** Opening Given entries block **

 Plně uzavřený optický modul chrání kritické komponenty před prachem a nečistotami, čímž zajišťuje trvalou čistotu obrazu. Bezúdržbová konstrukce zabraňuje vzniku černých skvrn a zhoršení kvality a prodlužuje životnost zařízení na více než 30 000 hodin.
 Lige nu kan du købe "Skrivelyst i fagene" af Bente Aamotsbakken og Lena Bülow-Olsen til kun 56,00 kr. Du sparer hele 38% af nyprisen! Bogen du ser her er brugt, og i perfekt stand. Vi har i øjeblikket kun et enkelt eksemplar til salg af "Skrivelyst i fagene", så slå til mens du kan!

** Closing Given entries block **
** Opening Given entries block **

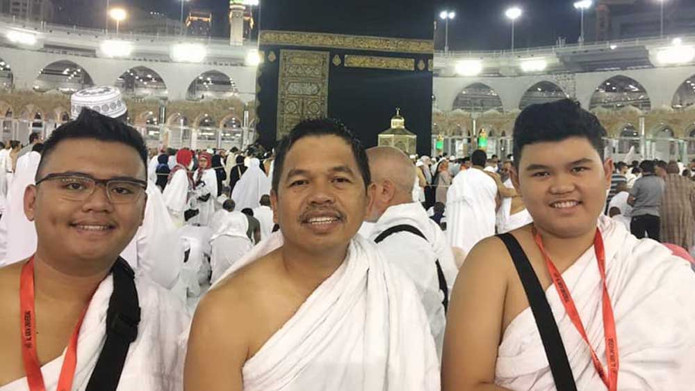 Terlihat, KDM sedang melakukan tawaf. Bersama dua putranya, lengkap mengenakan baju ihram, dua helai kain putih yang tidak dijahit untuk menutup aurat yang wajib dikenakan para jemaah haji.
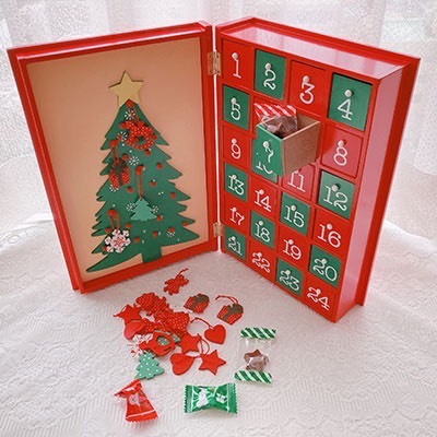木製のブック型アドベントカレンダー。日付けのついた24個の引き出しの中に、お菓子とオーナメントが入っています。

** Closing Given entries block **
** Opening Given entries block **

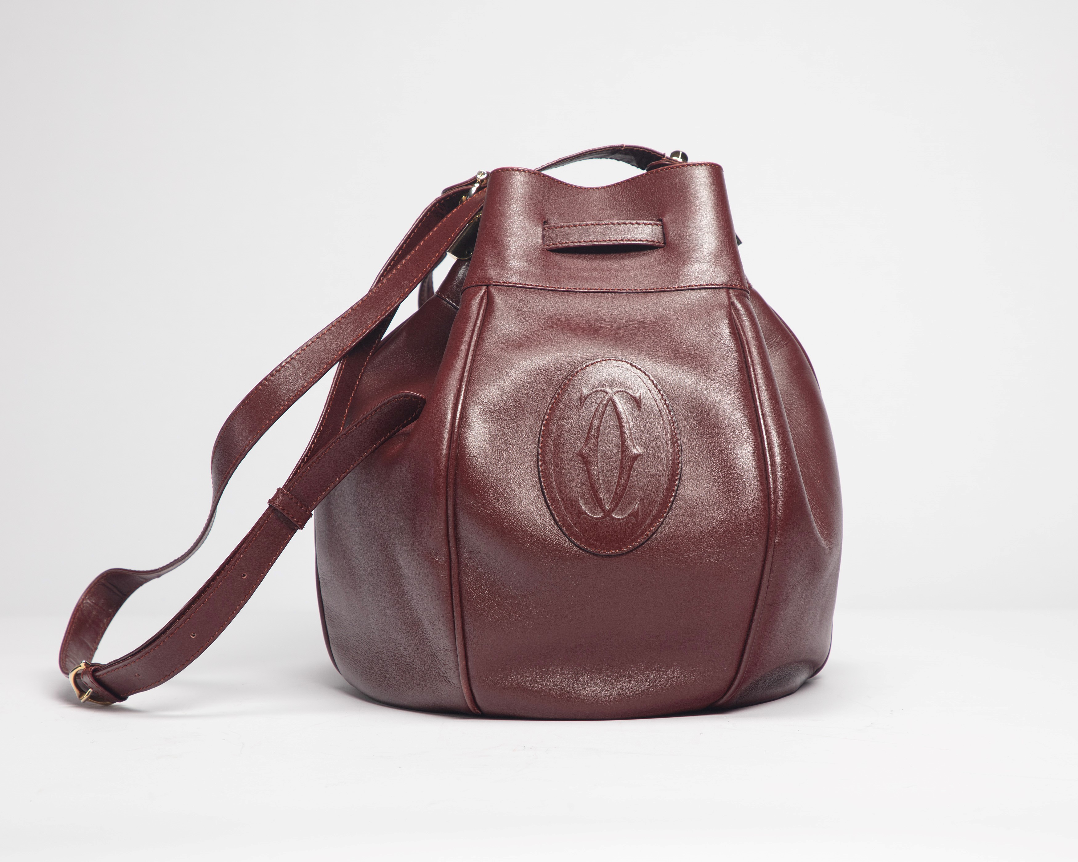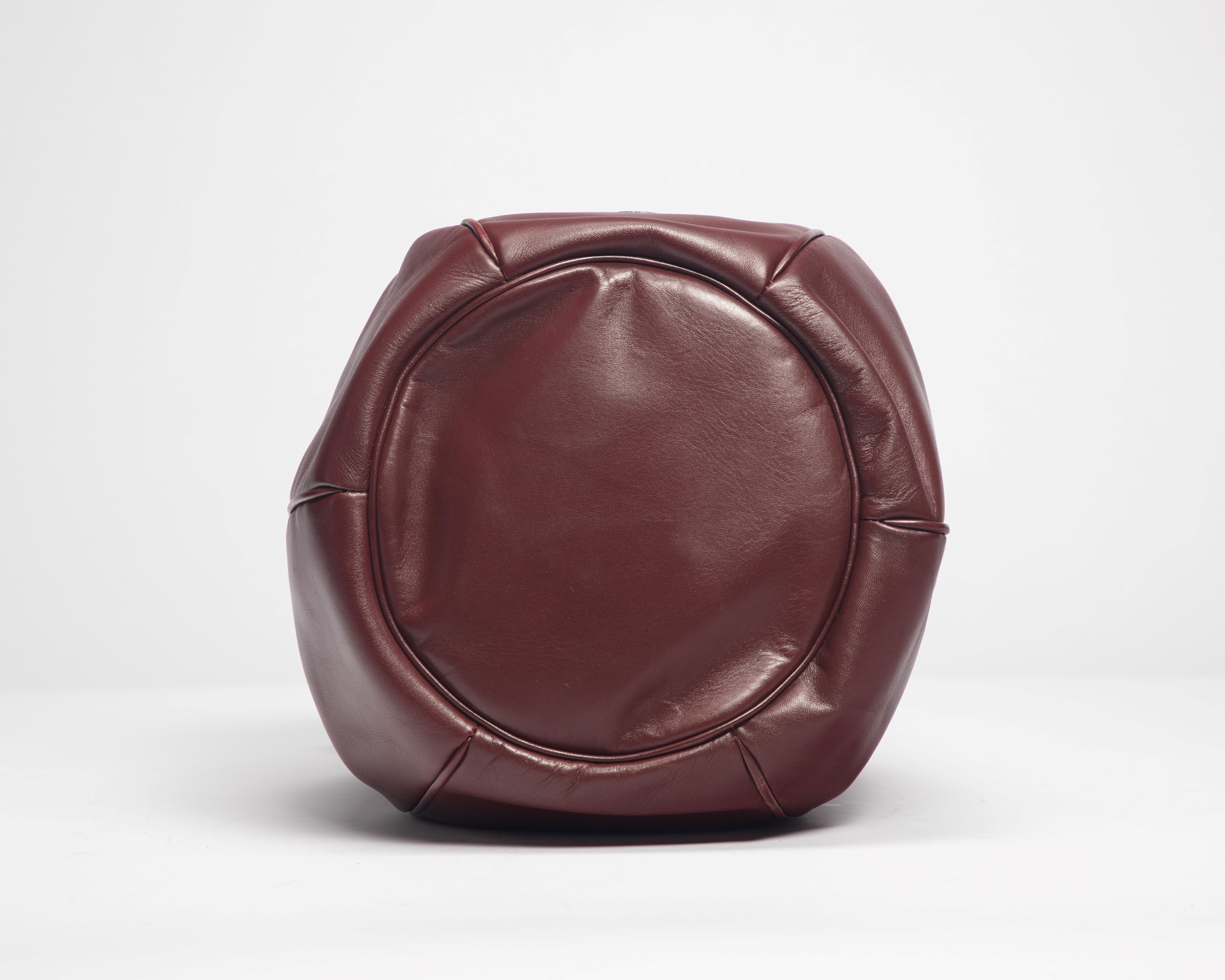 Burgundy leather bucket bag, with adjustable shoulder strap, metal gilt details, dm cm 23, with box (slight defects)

** Closing Given entries block **

→ Directions:
Please give back exactly the lines of the listing above that run from the one containing "Plně uzavřený optický" through the one containing "Lige nu kan", and only those.

→ Solution to this task:
 Plně uzavřený optický modul chrání kritické komponenty před prachem a nečistotami, čímž zajišťuje trvalou čistotu obrazu. Bezúdržbová konstrukce zabraňuje vzniku černých skvrn a zhoršení kvality a prodlužuje životnost zařízení na více než 30 000 hodin.
 Lige nu kan du købe "Skrivelyst i fagene" af Bente Aamotsbakken og Lena Bülow-Olsen til kun 56,00 kr. Du sparer hele 38% af nyprisen! Bogen du ser her er brugt, og i perfekt stand. Vi har i øjeblikket kun et enkelt eksemplar til salg af "Skrivelyst i fagene", så slå til mens du kan!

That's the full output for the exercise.